Its hopes are founded on the remarkable results of the Davis pilot program, which proved that a reduction of 5,500 pounds per household is possible. Households using Gershon’s do-it-yourself carbon diet in similar Cool Community campaigns across the country have cut their emissions by up to 35 percent in a matter of months. One of the benefits of the program is that any type of household–large or small, owner or renter–can participate and customize a plan.
“We have proof of concept and the means to scale it up,” says David Gershon, author of the Low Carbon Diet and Social Change 2.0. “When it comes to cutting carbon, the action is at the local level, and the city of Davis is leading the way. Since half of America’s carbon footprint is at the residential level, Cool Community campaigns are a powerful and doable way for America get on a low carbon path.”
“As a city where 75 percent of our greenhouse gas emissions are coming from residential sources, it was a no brainer,” said Mitch Sears sustainability director of the City of Davis. “When you pair the carbon reduction results Gershon is getting with the innovative Cool Community strategy and tools he offers to scale them up, Low Carbon Diet is by far the most cost-effective option for our city budget.”
Bold, large-scale social change initiatives are not new to David Gershon. He literally ran onto the world stage when he organized the First Earth Run. The 86-day global torch relay for peace at the height of the cold war engaged the participation of tens of millions of people in 62 countries, including heads of state, and was witnessed by over a billion more worldwide.
Dubbed the best bicycle town in America, Davis boasts the country’s top rated year-round farmers market, is home to the US Bicycling Hall of Fame, and was the first city in America to adopt an ordinance requiring energy efficiency tailored to the local climate, a local law that would later influence California’s famous Title 24, the first state law of its kind in America.
Early results from other Cool Community campaigns pilot programs are also achieving reductions once thought impossible without new technology.
Cool Portland, the campaign’s first pilot program, more than doubled its goal of cutting carbon emissions by 10 percent per household, realizing an average reduction of 22 percent, or 6,700 pounds.
Citizen-led EcoTeams, peer-support groups of 5 to 8 households, in Vermont similarly reduced their carbon footprint by 23 percent.
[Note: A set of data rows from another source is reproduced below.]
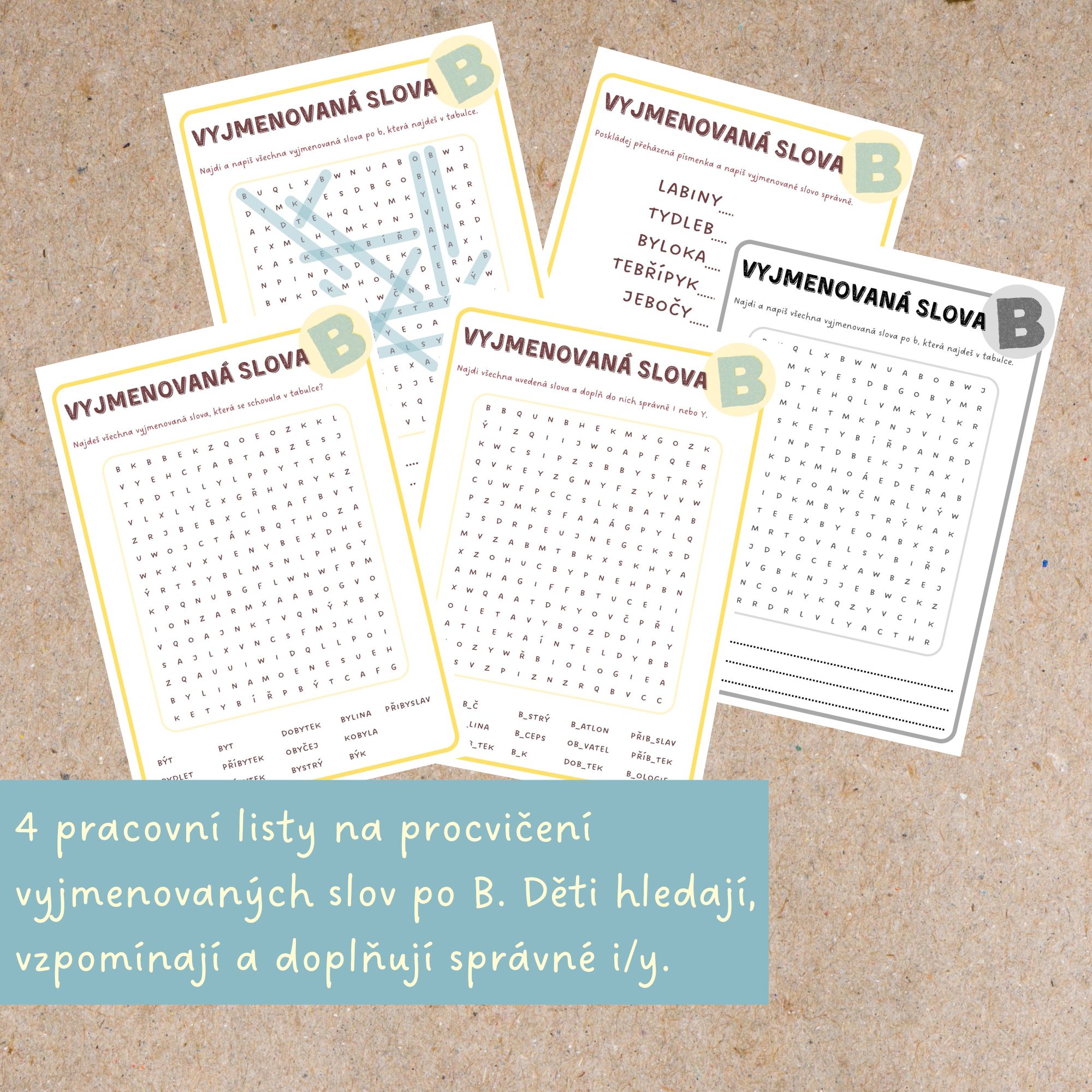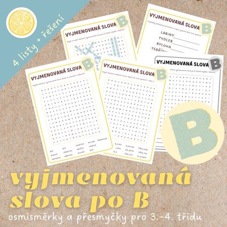 🅱️Sada osmisměrek a přesmyček, která dětem pomůže procvičovat vyjmenovaná slova po B zábavnou formou.
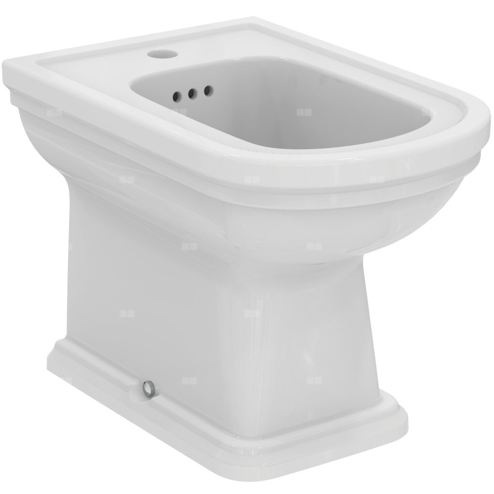 Bidet stojący Calla, przylegający do ściany. 1 otwór wybity. 3 dostępne otwory przelewowe. Zestaw montażowy w komplecie.
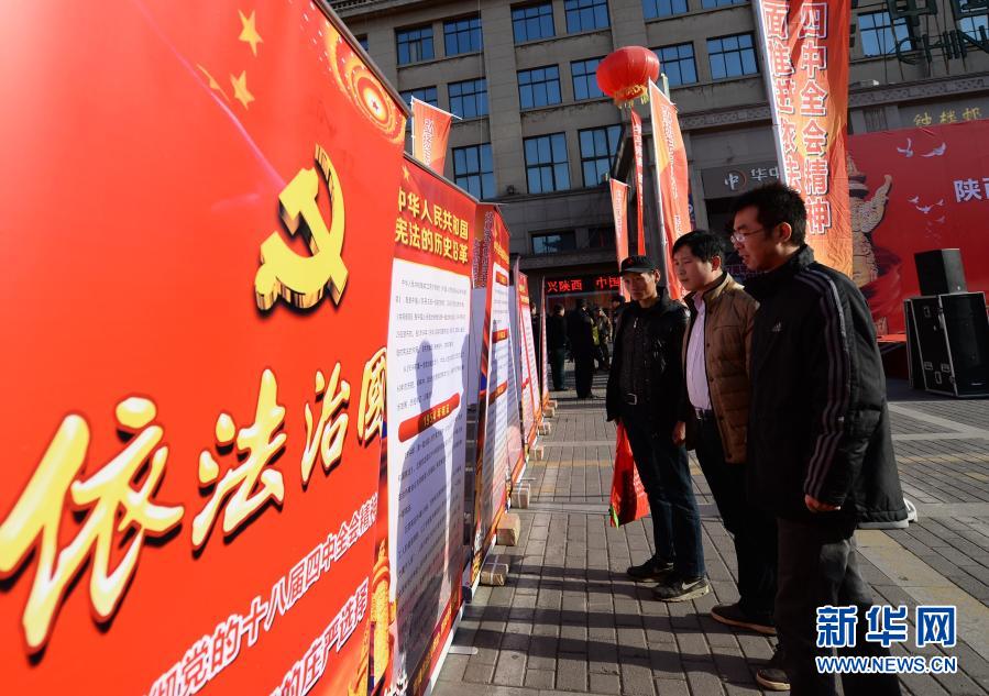 西安市民在國家憲法日宣傳活動(dòng)現(xiàn)場觀看依法治國宣傳展板(2014年12月4日攝)。新華社記者 李一博 攝
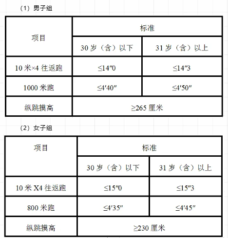 研究生及以上學歷報考人員參加體能測評三項內容中有兩項達標的,視為合格。非研究生及以上學歷報考人員體能測評三項全部達標方為合格。
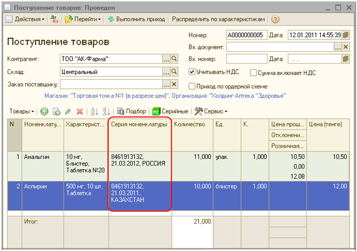 Конфигурация предоставляет возможность хранить информацию о серийном номере, номере и дате сертификата, дате выпуска, сроке годности, производителе и стране происхождения лекарственного средства, то есть вести учет по сериям.
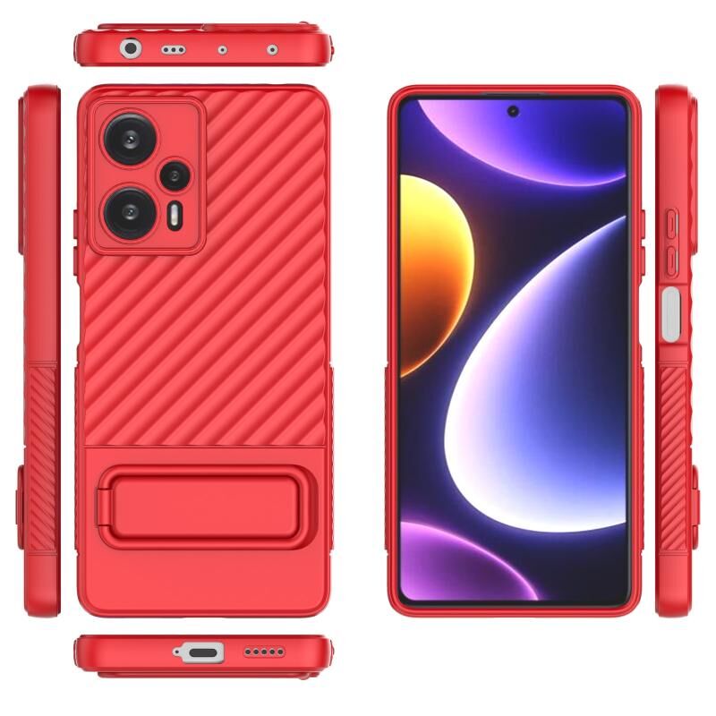 Για Xiaomi Redmi Σημείωση 12 Turbo κυματιστή υφή TPU τηλέφωνο υπόθεση με φιλμ φακού (κόκκινο)
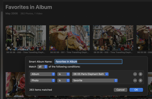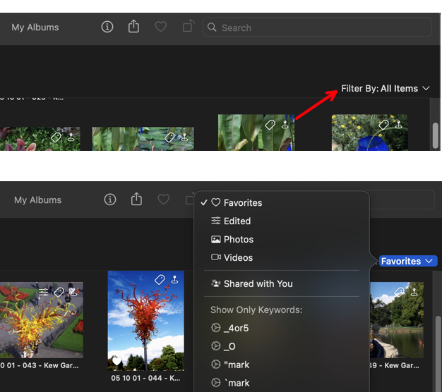 You can choose to see only videos, only the pictures with certain keywords, only those that have been edited, and only Favorites. If you click on Favorites, then the screen will show thumbnails of all the favorites in your album. Double clicking will bring a selected picture to fill the space. Fn-f will show the picture full screen.
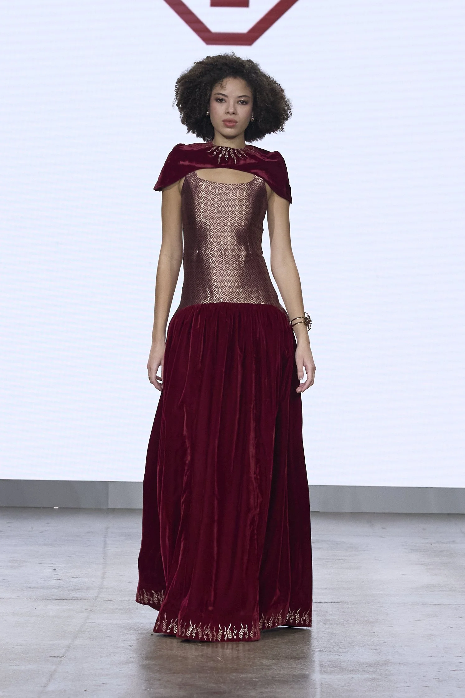 Khushi Kumar, a talented designer working between India and London, stated: “I just launched my debut collection, and I can’t believe I get to show at LFW… I truly feel like Fashion Scout plays such a key role for emerging designers because to give someone this big of a platform is phenomenal. A space full of helpful and supportive people, which stands out in this industry.” Her collection celebrates sustainability-led designs, positioning Indian textiles within a contemporary international framework and showing how tradition can coexist with innovation.
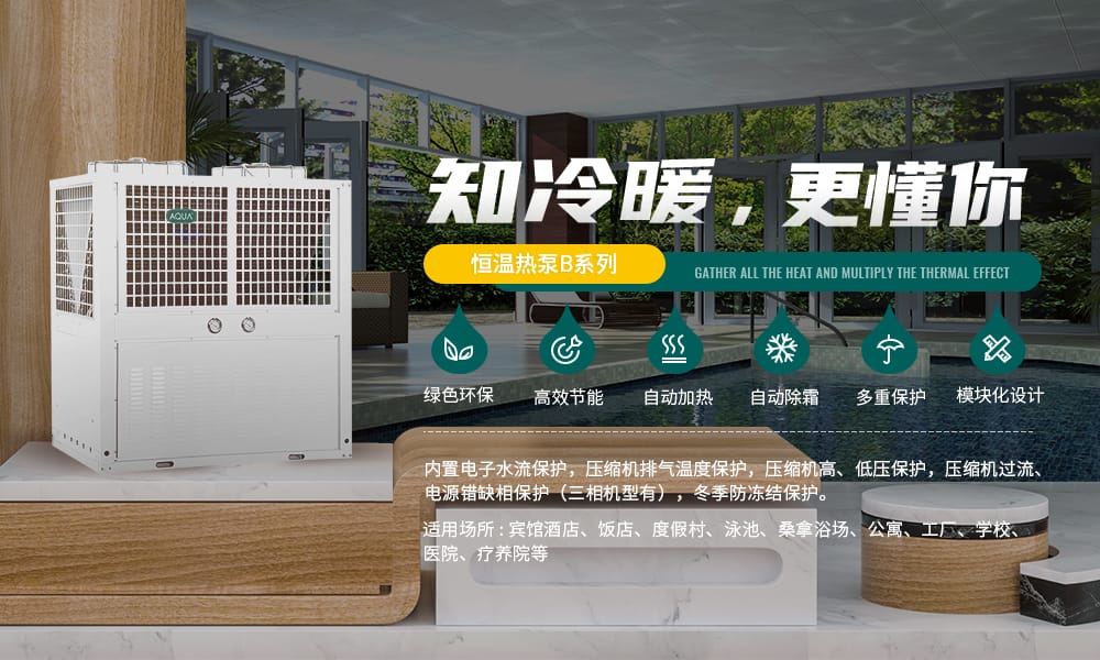 Air source heat pump外觀優(yōu)雅、大氣,抗老化、耐腐蝕。全天候可靠工作??諝庠礋岜檬且环N從低溫熱源吸取熱量,使其在較高溫度下轉(zhuǎn)換為可利用能源的高效率的環(huán)保節(jié)能型產(chǎn)品。AQUA愛克空氣源恒溫熱泵分為常溫和低溫兩種不同型號。
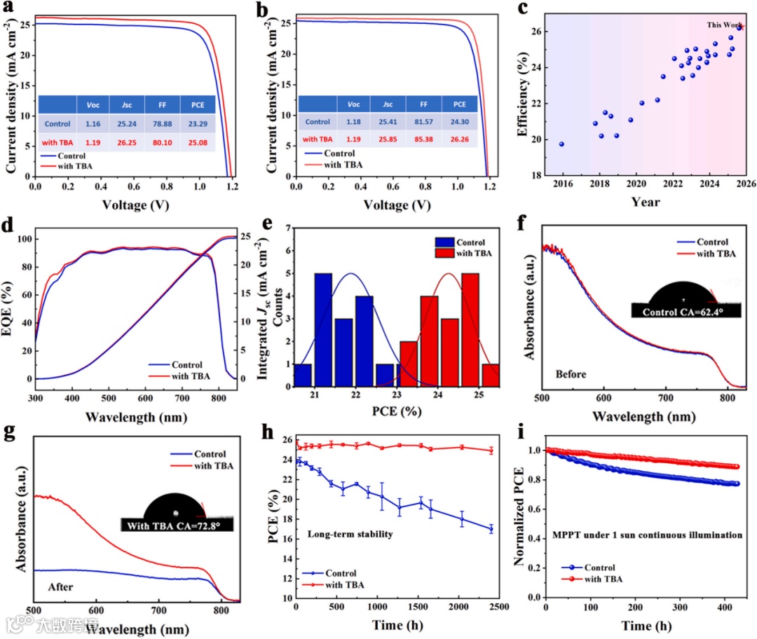 图5. (a)n-i-p器件与(b)p-i-n器件经TBA处理与未处理的J-V曲线。(c)过去十年采用碘化铅管理策略报告的光电转换效率(PCE)对比。(d)n-i-p器件的EQE光谱及对应的积分电流密度曲线。(e)TBA未处理与TBA处理器件的PCE分布统计直方图。(f-g)钙钛矿薄膜在70%相对湿度(RH)下储存24小时后的UV-Vis吸收光谱。插图显示钙钛矿薄膜的水接触角。(h)未封装p-i-n器件经TBA修饰与未修饰的长期稳定性。(i)对照组与目标器件的MPP跟踪稳定性测试。
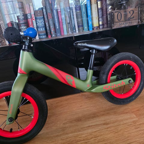Meget bra første sykkel! Takket være denne tok det 10 minutter før sønnen vår lærte seg å sykle med pedaler.
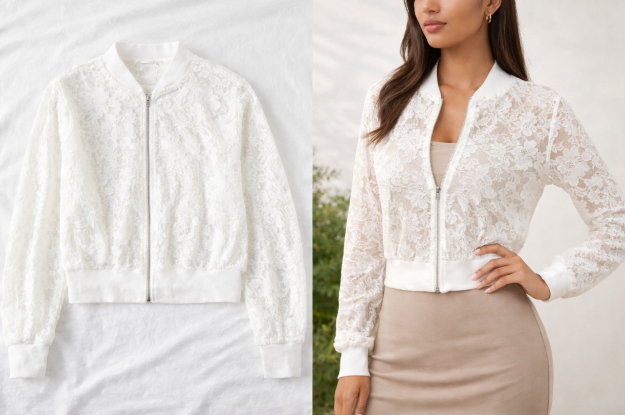Jolie veste courte en dentelle blanche avec fermeture éclair.
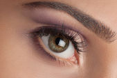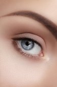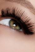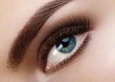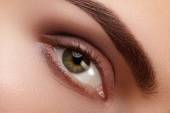 Idealny kształt brwi, brązowe cienie do powiek i długie rzęsy. Zbliżenie strzał makro moda zadymionych oczu visage
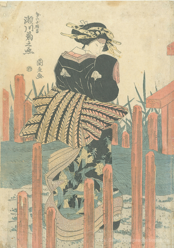 Wir bieten Ihnen eine handgefertigte Reproduktion auf Leinwand des berühmten Kunstwerks 'Segawa Kikunojo V als Onnagata' von Utagawa Toyokuni II, aus dem Reproduktionsmuseum.
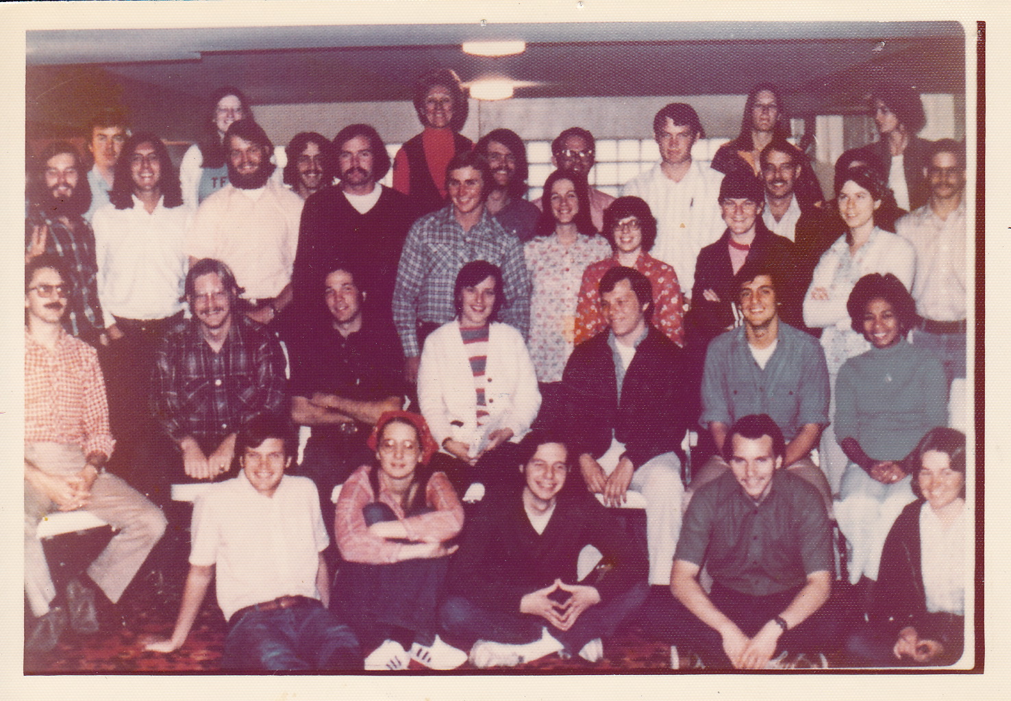 “Philippines Group 81” in San Francisco. There are also a few extra folks present for training, but most are our group. On the floor in the front, from left to right: Rick, Sioux, Neal, Terry, and Patty On the chairs: unknown admin/training person, Chris, Peter, Toni, Steve, Jerry, unknown admin/training person Front standing row: Dave, Bob N., Tom, Mike McQ, Ken, training person from Philippine PCV Group 2, Linda, Crain, Marilyn Second row standing: Craig, Bob R, James, Brian Furby, Paul, Mike Z., Joe (I think, behind me), Jon Standing on chairs in back row: Kathy, Unknown admin/training person, two Philippine Group 2 PCV’s for training Missing: Pat C., Betty (it’s possible they were somehow cut off to the left)
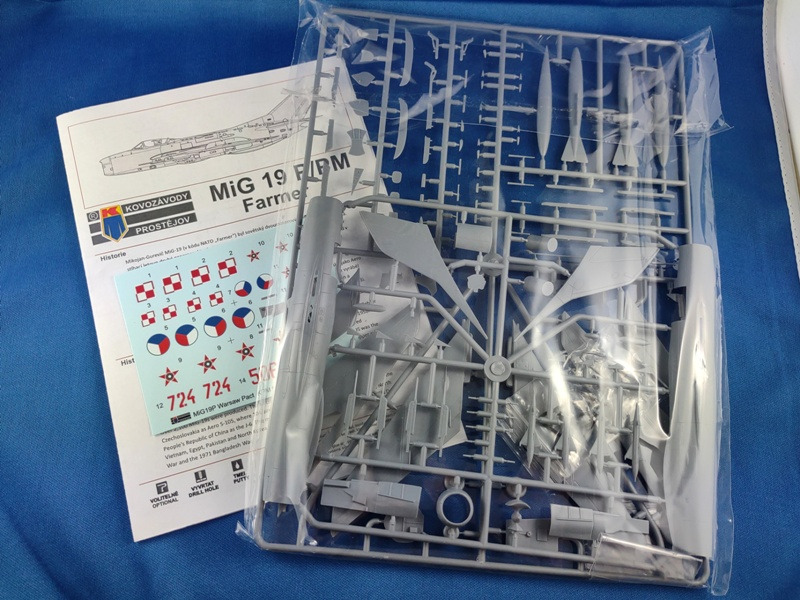 Nachdem 2019 der tschechsische Hersteller KP recht überraschend mit einer neuen Form der MiG-19S aufwartete, erschienen seitdem insgesamt zwölf Bausätze, welche die Varianten MiG-19S, P und PM sowie die chinesiche Lizenzversion Shenyang F-6 umfassen. Dabei gibt es zum Teil verschiedene Decalvarianten. Die hier vorgestellte P-Version der MiG-19 zeichnete sich durch das in in der Rumpfnase eingebaute Radar aus. Der vorliegende Bausatz selbst kommt in der typischen, aber unpraktischen, Schüttbox auf die Basteltische und besteht aus insgesamt zwei grauen sowie einem Klarsischtspritzling. Ergänzt wird das Ganze mit einem Decalbogen für drei Gestaltungsmöglichkeiten sowie einer farbigen Montageanleitung. Wie so oft überzeugt KP mit seinen Modellen hinsichtlich der Oberflächendetaillierung. So weisen die Teile feine, versenkte Gravuren auf. Lediglich an einigen wenigen Stellen wirken diese etwas verwaschen, was aber nicht weiter auffällt. Der Lufteinlauf macht augenscheinlich einen guten Eindruck. Das Cockpit wiederum wirkt sehr spartanisch und kann nur geschlossen gebaut werden. Wer das Cockpit geöffnet darstellen möchte, muss hier entsprechenden Aufwand betreiben oder sich beim sog. Aftermarket bedienen. Das Heckteil, an dem die beiden Triebwerksauslässe montiert werden, liegt als ein Teil bei und ist daher positiv zu erwähnen. Die Kanonenbewaffnung ist einfach gehalten. Hier sei ebenfalls auf den Aftermarket verwiesen. Als Zuladung liegen dem Bausatz zwei große 760 Liter-Zusatzkraftstoffbehälter sowie vier gut gestaltete RS-2U Luft-Luft-Raketen bei, welche aber nur für die Version "PM" benutzt werden können. Wie schon in meiner Besprechung zur MiG-19S erwähnt, gibt es so gut wie keine Montagehilfen in Form von Stiften. Lediglich die Tragflächen sowie die Zusatzkraftstoffbehälter weisen entsprechende Hilfen auf. Hier sei eine Trockenpassung vor dem Verkleben der Teile wärmstens zu empfehlen! Insgesamt gibt es drei Gestaltungsvarianten. Dem Produktnamen entsprechend sind es drei Nutzer der ehemaligen Warschauer Vertragsorganisation: die Volksrepubliken Bulgarien und Polen sowie die CSSR. Der Decalbogen ist sauber und sehr dünn gedruckt. Auch liegen Decals für das Cockpit bei. Wartungshinweise sind keine enthalten. Die Farbangaben werden lediglich für Humbrol und Agama angegeben. Wie bereits aus anderen Bauberichten zu entnehmen ist, ist die Zuhilfenahme von Originalfotos sowie Risszeichnungen sehr ratsam, da die Montageanleitung nicht nur z.T. widersprüchlich, sondern auch fehlerhaft ist, wie der Modellbaukollege Jürgen Willisch beim Bau seines Modells feststellen musste. Die von ihm erwähnten fehlenden "Abdeckungen" (Verstärkungsbleche links und rechts vom Cockpit) sind KEIN Muss. Hier muss man sich an dem nachzubauenden Original orientieren!
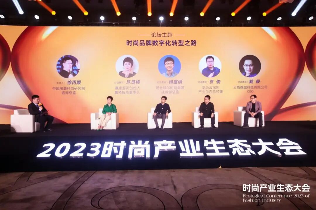 最后进行高峰对话圆桌论坛上,赢家、玛丝菲尔、华为、云盾数据科技等四家知名企业代表以“时尚品牌数字化转型之路”为主题,深入对话,畅谈行业发展新动能。

Rochester, New York launched a Low Carbon Diet Challenge that achieved an average reduction of 10,828 pounds for every participating household. As a result, community organizers and city officials are scaling up a Cool Rochester campaign to engage 40,000 households and reduce their community’s carbon footprint by one billion pounds.
Cool Mass, the first statewide Cool Community campaign, launched last fall. The first communities to sign on are Boston, Braintree, Brookline, Dedham, Hingham, Hull, Milton, Newton, and Winchester, which represent almost a million of the state’s residents.